Of all things in this life....playing the victim will get you nothing but more pain. Playing the victim allows you to stay in the cycle. Don't get me wrong....you do play the victim sometimes...it's human nature. And I have been guilty...but I am learning (through some intense weekly therapy) that playing the victim will never serve you well. It will never be a stepping stone out of this trap. So feel it, dust yourself off and GET UP.
I could easily blame him for all of this pain, loss, damage. Because let's face it.....he caused it. But I was not innocent. I walked, hand in hand, with him into this lion's den. I saw the flags, I refused to respect them or myself, and I walked in.
When the relationship hit its first crash and burn, I should have walked out. I should have known that this was not going well and gotten out.
So why did I stay? That is the million dollar question. Why. Did. I. Stay.
Like I mentioned before, I felt love for this man. I truly was in love with him. I believed that this was meant to be and anything worth having is not going to always be easy. So if one of us is struggling, the other one has to pull some extra weight. That's what it's about, right? Please never fall for this.
If someone is going through a tough time, sure, pull some extra weight. If someone is treating you like dog shit, let them go. I wish that I would have let him go.
God, I wish I had let him go. Why didn't I walk away?
Here I sit two years later. A broken woman. A woman who may never trust a man again. A woman who cringes at the thought of another relationship. A woman who cries every day over a loss....losing something she never even had. A woman who is in fear. Every single day there is fear. Why is there fear? Because I still have an unhealthy attachment to him.
I am still stuck in this cycle. I get nothing good from it. Not one thing. He benefits everything. And he keeps me just close enough to keep using me for his good.
So why is this blog even in existence? Because for me, writing is healing. Putting the facts of the situation in writing, in black and white, in front of me, may help me wake up.

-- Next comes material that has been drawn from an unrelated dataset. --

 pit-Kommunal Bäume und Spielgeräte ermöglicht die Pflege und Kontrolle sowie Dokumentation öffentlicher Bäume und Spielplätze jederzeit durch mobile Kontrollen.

I want to wake up. I want him to be a distant memory--or nightmare, as my mom calls it. I want him to be gone and not a part of my daily life.

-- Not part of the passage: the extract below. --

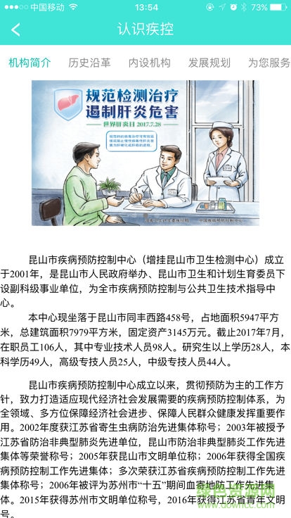 昆山智慧疾控是一款针对昆山地区打造的掌上医疗疾控预防app,疾病预防知识宣传普及,健康问题线上问诊资讯,有效预防疾病健康生活。快来绿色资源网下载体验吧!

But I continue to allow it. I DO THIS. I ALLOW HIM TO HURT ME. I am not playing the victim in this blog. I accept full responsibility for my situation. My current pain is because I allow him in to hurt me. This is not his problem, this is my problem.
And what will I do about it? I am working to stop. Nothing drastic. Nothing loud or obnoxious. Just to stop. To not text him, to not respond, to not go to his house, to not tell him about my day. Those are the behaviors, or physical actions, that have to stop. But the underlying issue is the feelings associated with those behaviors. I am now the proud owner of an anxiety disorder. I have a skewed sense of self worth that is now tied to him and his approval of me. My every moment is questioned. I wake up thinking about him and fall asleep thinking about him.
They say, whoever they is, that the physical part of the addiction is the easier part to break. It's the emotional part that will get ya. And that is so right. I have made it (and how sick that I call it "made it") three months without him. Without calling/texting/emailing. But all it took was him reaching out to me and I was right back in it. Damn it.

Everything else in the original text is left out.